# Blog 11



## Edward Elgar (Mar 22, 2006)

I want to bring your attention to a piece I've recently listened to called 'Black Angels' by George Crumb.

It's a fantastic piece in my opinion. It's written for an electric string quartet with added percussion instruments. Crumb takes no half measures in using these added instruments. They have presence and they are loud! The strings are used for screeching material that is almost torturous to hear, but also for music that is so calm and soft the sound would not be out of place in a consort of viols.

The piece is very episodic which suggests the piece is split into shorter sections. The music turns every corner possible, and even if this piece does not search for structural unity it somehow finds structural unity. This is remarkable considering the sheer amount of musical ideas and information you get while listening to this piece. I plan to listen to it multiple times to try and work out the process, the local level structure and the nature of the individual gestures.

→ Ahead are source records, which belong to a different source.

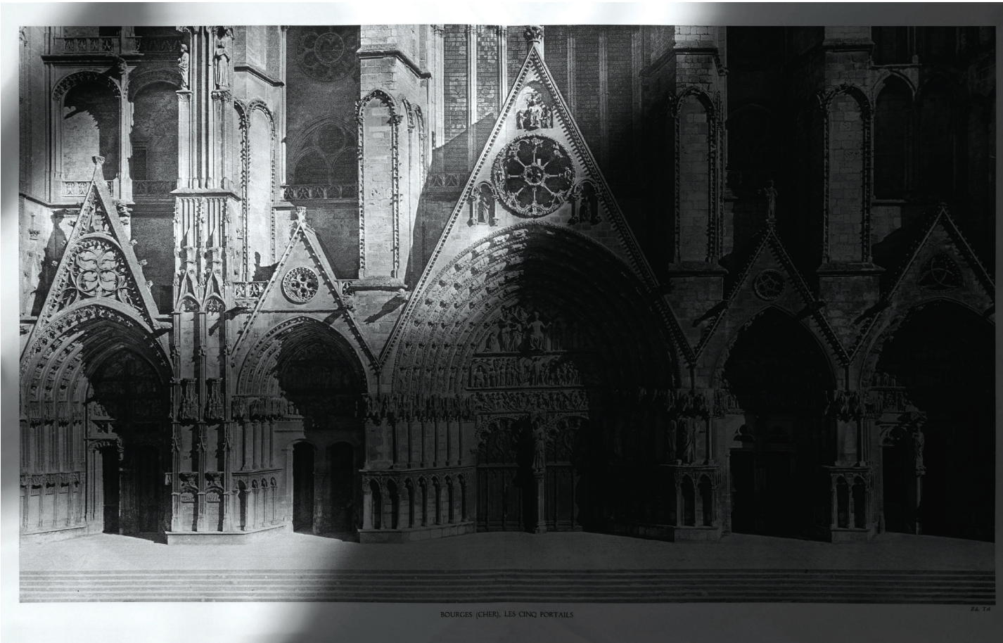
7 Laurence Aëgerter, Cathédrale 1h34' , de la série Cathédrales , 2014 Tirage archive pigmentaire sur papier FineArt Baryta, © Laurence Aëgerter

Laurence Aëgerter «Ici mieux qu'en face» - du 6 octobre 2020 au 17 janvier 2021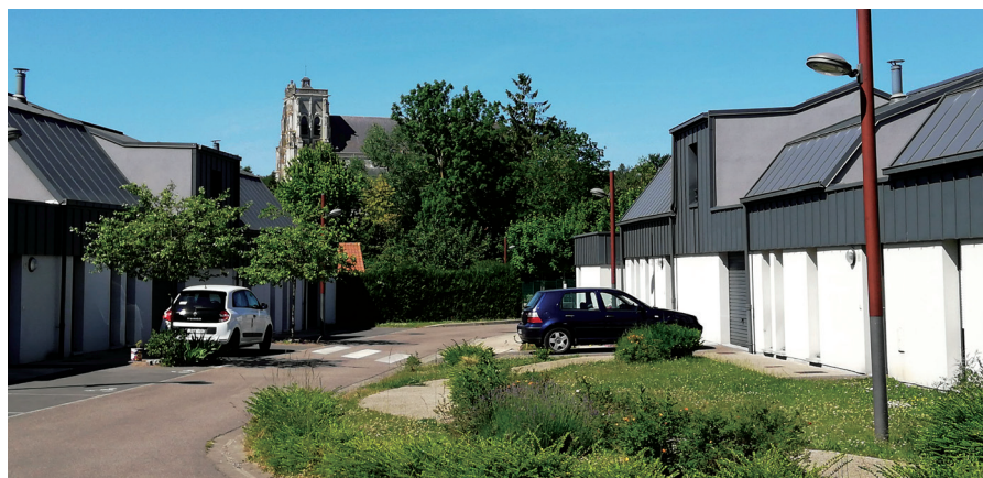
Béguinage pour Séniors au cœur de Saint-Riquier (80) © Katalan architecte

Ce Trait d'Union fait suite à ceux de 2019 qui illustraient des opérations villageoises de logements intergénérationnels ou dédiés aux Séniors. Il constitue un volet de l'action du CAUE sur ce thème, enrichi d'un voyage d'études prévu en 2021.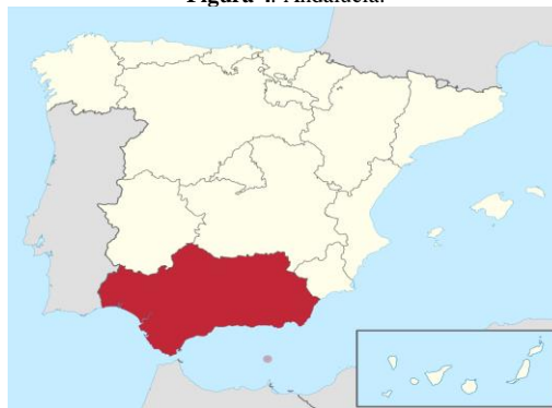
Figura 4. Andalucía.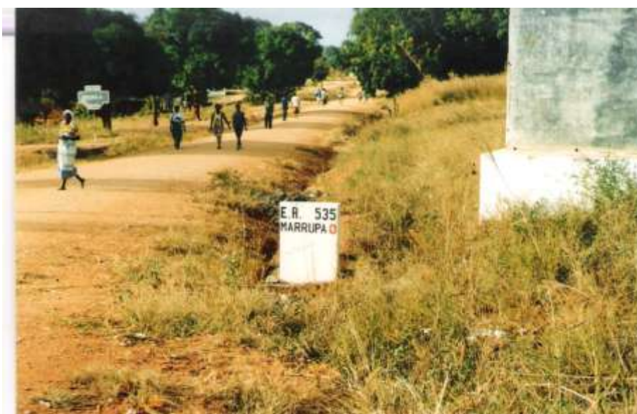
Picada para o aldeamento

If you can get hold of a recording of this piece I'd strongly recommend that you do. 'Black Angels' is an essay in awesomeness!


----------



## Sid James (Feb 7, 2009)

I haven't heard Crumb's _Black Angels _but I have heard his _Voice of the Whale _in concert at Sydney Conservatorium last year (funnily enough, another ensemble will again be performing it there later this year). This has become by now a classic piece. It is for three musicians - pianist, cellist, flautist who also take turns in playing a bit of percussion. They come on the stage wearing masks, which the program notes said represents dehumanisation or something. The music is quite lyrically haunting in parts (the flautist and cellist imitating whale-song) and dissonant in others (for part of it, the piano is "prepared"). I have Crumb's _Songs Drones and Refrains of Death_ on CD & this is a very full-on work (a bit like how you describe _Black Angels_). I'll have to listen to it at some point, because I got it a while back and kind of abandoned it after a few listens - it's by no means "easy listening" & the whale piece was actually more approachable, imo...


----------



## Edward Elgar (Mar 22, 2006)

I'll have a listen to 'Voice of the Whale', thanks for bringing it to my attention.


----------



## science (Oct 14, 2010)

I love "Black Angels." 

For a work inspired by it, check out Ryu's "Fall of Baghdad." Love it too.


----------